Я начал посещать Венский университет, работать в библиотеке, стараясь вернуться к научной работе, от которой я несколько лет был совершенно оторван. В группе содействия обсуждались текущие вопросы партийной жизни, которые были для нас совершенно новы: отзовизм, богоискательство, богостроительство, рост оппозиции политике Ленина среди большевиков. Здесь я ознакомился с только что вышедшей книгой Ленина «Материализм и эмпириокритицизм». Как математик я с большим уважением относился к Henri Poincaré, к Pearson; я с большим интересом прочитал в свое время «Механику» и «Теорию тепла» Маха.[158]
Я уже упоминал, что и среди друзей, и среди врагов философия Богданова считалась большевистской разновидностью марксизма. Недаром в одном из «Дневников социал-демократа»[159]
Плеханов писал по поводу газеты «Новая жизнь»: «Ленин тонет, как муха в молоке, среди махистов, декадентов и вырожденцев».[160] Первое впечатление от книги Ленина — ее невероятная резкость, и при том казалось странным, каким образом не физико-математик может критиковать вещи ему незнакомые. Второе впечатление было, что Ленин несомненно прав, обнаружил гениальную интуицию и правильно разобрался в чуждых ему вещах.Вместе с «Левой» мы занимались пересылкой в Россию партийной литературы. Делалось это так: на рынке были куплены конверты и рекламы разных прогоревших фирм. В один из рекламных листков помещался номер партийного журнала, отпечатанный на папиросной бумаге, и вкладывалось предупреждение: «Мы нашли ваш адрес в адрес-календаре и посылаем вам наше издание, надеясь, что оно вас заинтересует». Надписывался адрес, наклеивалась марка, и пакет помещался на два дня под пресс, чтобы папиросная бумага плотно слежалась и не шуршала.
Пакеты посылались лицам, относительно которых была надежда, что они будут передавать номер на прочтение другим, но не всегда это бывало так. Доктор И. П. Борисов, о котором я уже говорил и который к тому времени совершенно отошел от партии, говорил мне несколько лет спустя в Москве: «Знаете, что я ценю в партии? Это то, что она помнит о старых заслугах. Представьте себе, я регулярно получал партийные издания». — «А что же вы с ними делали? Распространяли?» Он засмеялся: «Конечно, нет, по моему положению это было невозможно».

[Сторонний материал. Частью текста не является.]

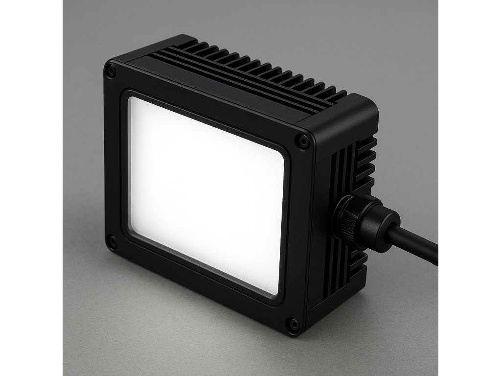 CLOUDCODE světlo s výkonem 1000W. Synchronizované na mikrosekundy s vysokorychlostní kamerou a robotem pro focení za pohybu robota pro minimalizaci taktu. Navrženo a vyrobeno v ČR.

В Вене в то время проживал Троцкий. Он держался в стороне, не был любим в колонии и от времени до времени выступал публично. В одном из его выступлений меня поразил его грубо-вульгарный марксизм. Это было именно проявление того «исторического фатализма», который нам приписывался нашими противниками.

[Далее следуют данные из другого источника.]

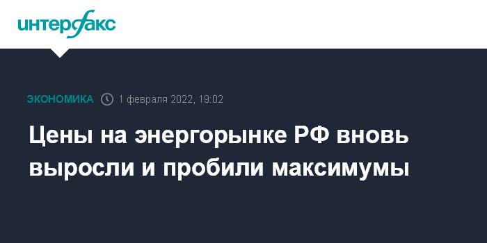 Москва. 1 февраля. INTERFAX.RU - Свободные цены на энергорынке РФ по итогам торгов во вторник с поставкой на среду, 2 февраля, продолжили расти в обеих зонах и вновь обновили суточные максимумы 2022 года: в европейской части РФ и на Урале (первая ценовая зона) они увеличились еще на 1,63%, до 1556,15 руб./МВт.ч, в Сибири (вторая ценовая зона) - на 5,02%, до 1256,59 руб./МВт.ч, следует из материалов с сайта организатора торгов на энергобирже ОАО "АТС".

Летом 1909 года «Лева» переехал в Париж, оставив мне пресс и секретарство в группе содействия, и в августе мы с Серафимой Ивановной тоже перебрались в Париж.
На каждом собрании группы содействия остро подымали острые вопросы. Я помню, как на одном из обсуждений известного «лбовского дела»[162]

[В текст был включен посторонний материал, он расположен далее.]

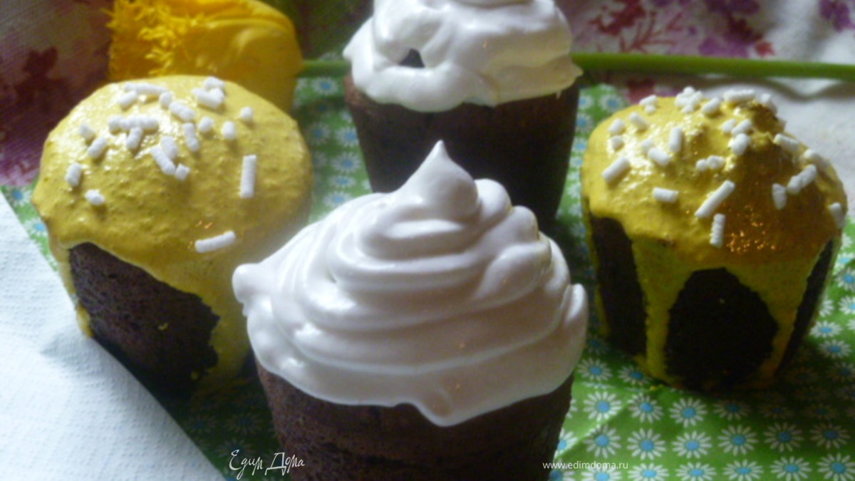 Я предлагаю вам попробовать испечь куличики на соде и на белках, с добавлением какао.

Ленин говорил тоном, каким только он умел говорить: «Думать надо, товарищ Покровский, головой надо думать».Нам всем был дан совет не оставаться вне европейского рабочего движения, и мы вступили во Французскую социалистическую партию и некоторое время с любопытством посещали ее собрания, митинги, манифестации. Все было не так, как у нас, и решительно все нам не нравилось. Легальное существование для активной политической организации казалось нам очень вредным. Так оно мне кажется и сейчас, и я не знаю, как можно совместить активность партийного аппарата с тем мертвым грузом, которым неизбежно обрастает легальная партия.
Я, конечно, возобновил мою научную работу.[163]
Сорбонна в то время переживала один из самых блестящих периодов. В Париж приезжало много крупных иностранных ученых, и в течение ряда лет я смог повидать и послушать крупнейших представителей мировой науки.[164]